Create a Bowtie genome database:
bowtie2-build -f Sturnus_vulgaris_2.3.1.simp.fasta Sturnus_vulgaris_2.3.1.simp
You will also need to create a sequence dictionary for GATK.
java -Xmx10g -jar /apps/picard/2.18.26/picard.jar CreateSequenceDictionary R=Sturnus_vulgaris_2.3.1.simp.fasta O=Sturnus_vulgaris_2.3.1.simp.dict
samtools faidx Sturnus_vulgaris_2.3.1.simp.fasta
The below covers a few steps: bowtie2 mapping; samtools processed a SAM into a sorted BAM file; picard marks duplicates; picard index; GATK haplotype caller. Each of these steps is run independently for each sample.
for i in cat sample_names.txt;
do
echo working with $i;
GENOME=/srv/scratch/z5188231/KStuart.Starling-Aug18/Sv4_Historic/genome/Sturnus_vulgaris_2.3.1.simp
READS=/srv/scratch/z5188231/KStuart.Starling-Aug18/Sv4_Historic/processing/samples_batch/merged
bowtie2 -p 10 --phred33 --very-sensitive-local -x ${GENOME} -I 149 -X 900 --rg-id "$i" --rg SM:"$i" -U ${READS}/"$i".fq.gz -S "$i".sam
samtools view -bS ${i}.sam | samtools sort -o ${i}.bam
java -Xmx128g -jar /apps/picard/2.18.26/picard.jar MarkDuplicates INPUT="$i".bam OUTPUT="$i"_mark.bam METRICS_FILE="$i"_sort.metrics.txt MAX_FILE_HANDLES_FOR_READ_ENDS_MAP=1000
java -Xmx48g -jar /apps/picard/2.18.26/picard.jar BuildBamIndex I="$i"_mark.bam
gatk --java-options "-Xmx120G" HaplotypeCaller -R ${GENOME}.fasta -I ${i}_mark.bam -O ${i}.g.vcf -ERC GVCF --native-pair-hmm-threads 16;
done
Finally, we combine the individually called haplotypes into one VCF file.

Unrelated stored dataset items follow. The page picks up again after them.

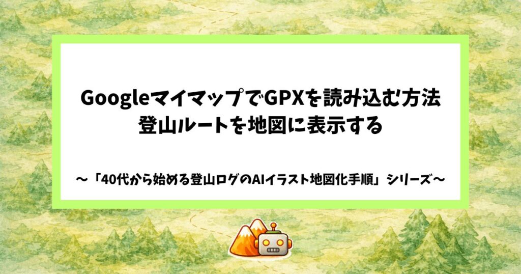 保存したGPXファイルをGoogleマイマップに読み込ませると、移動ルートが地図上に表示されます。今回はその具体的な手順を紹介します。特別な知識は必要ありません。ファイルを読み込ませるだけで、登山の軌跡が可視化されます。 このシリーズについて 初め... 生成AI活用法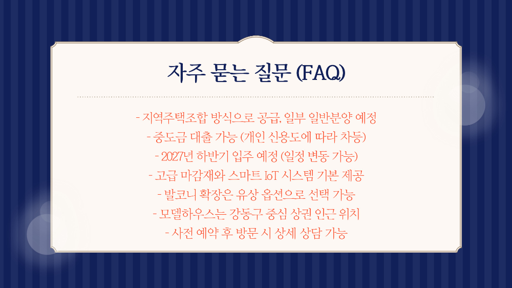 A8. 강동구 중심 상권 인근에 위치해 있어요. 사전 예약 후 방문하면 상담 및 구조도, 샘플 하우스를 확인할 수 있어요.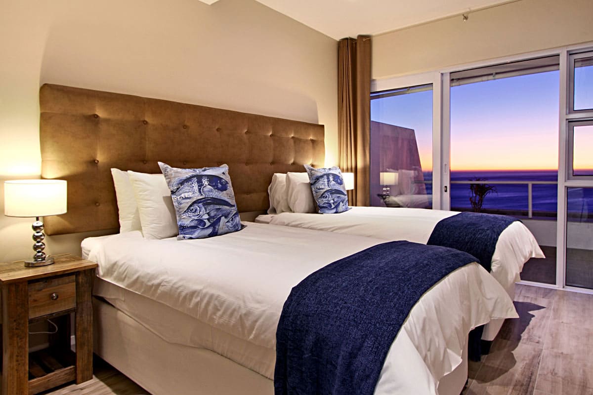 The apartment enters the first-floor living spaces, with floor-to-ceiling windows and uninterrupted ocean views. A contemporary lounge with large couches and a flat screen television is decorated in soft creamy hues, while an open plan kitchen is fully equipped with all the amenities necessary for a hassle-free holiday, including fridge/freezer, microwave and gas stove. There is one bedroom on this level with bunk beds, which is perfect for children, as well as a conveniently situated guest toilet.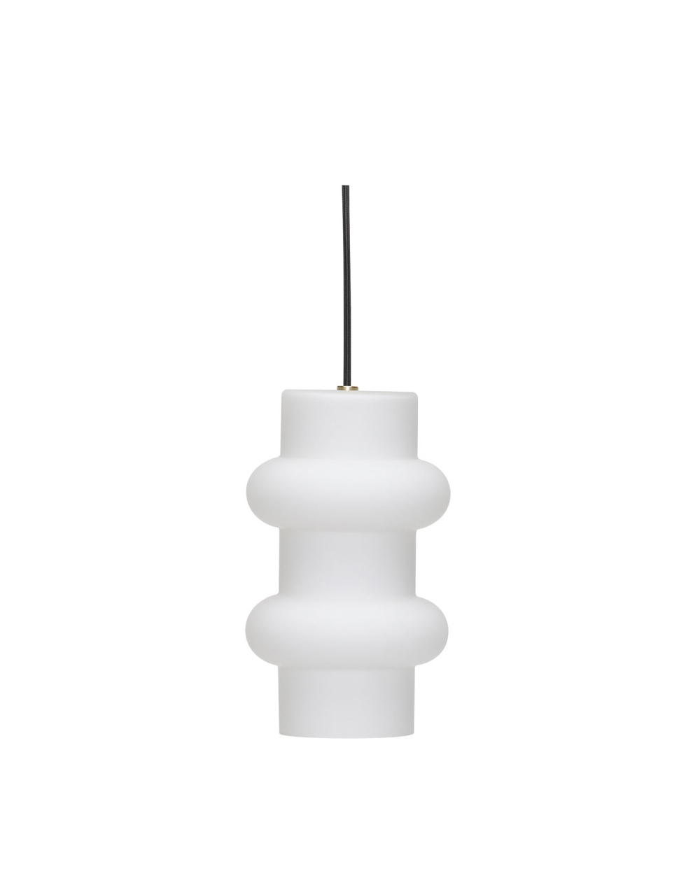 Lampa wisząca Pilule łączy nostalgię z nowoczesnością w kompaktowym, rzeźbiarskim designie. Zainspirowana stylem lat 80. i z wyraźnym naciskiem na nowoczesne wnętrza, ta wersja lampy wiszącej została stworzona z matowym białym kloszem z dmuchanego opalowego szkła, ciepłymi detalami z mosiądzu i wyrazistym czarnym przewodem materiałowym.

GENOME=/srv/scratch/z5188231/KStuart.Starling-Aug18/Sv4_Historic/genome/Sturnus_vulgaris_2.3.1.simp.fasta
gatk --java-options "-Xmx120G" CombineGVCFs \
--reference $GENOME \
--variant SAMPLE_A.g.vcf \
...
--variant SAMPLE_Z.g.vcf \
--output historical_GATK_variantscombined.vcf
And finally perform joint genotyping on the samples
gatk --java-options "-Xmx120g" GenotypeGVCFs \
-R $GENOME \
-V historical_GATK_variantscombined.vcf \
-O historical_GATK_variantsgenotyped.vcf
GATK doesn't produce any summaries like populations, however we can make a quick count of the number of SNPs using the below:
grep -v "#" historical_BWAmem_GATK_variantsgenotyped.vcf | wc -l
Below is a summary of the number of variants I obtained at the end of the above pipeline, both without filtering and with some filtering. Note that the low number of SNPs called by the bowtie-GATK combo was not a result of mapping (bowtie produced high read mapping percentages). This leaves me to believe that GATK didn't do very well with the DArT-seq data, which is a bit strange as I have seen it used quite successfully on many reduced representation data sets. Most of my new projects work with WGS so I have not investigated this further, but will leave this result here in case another finds similar results in their own work and needs perepctive.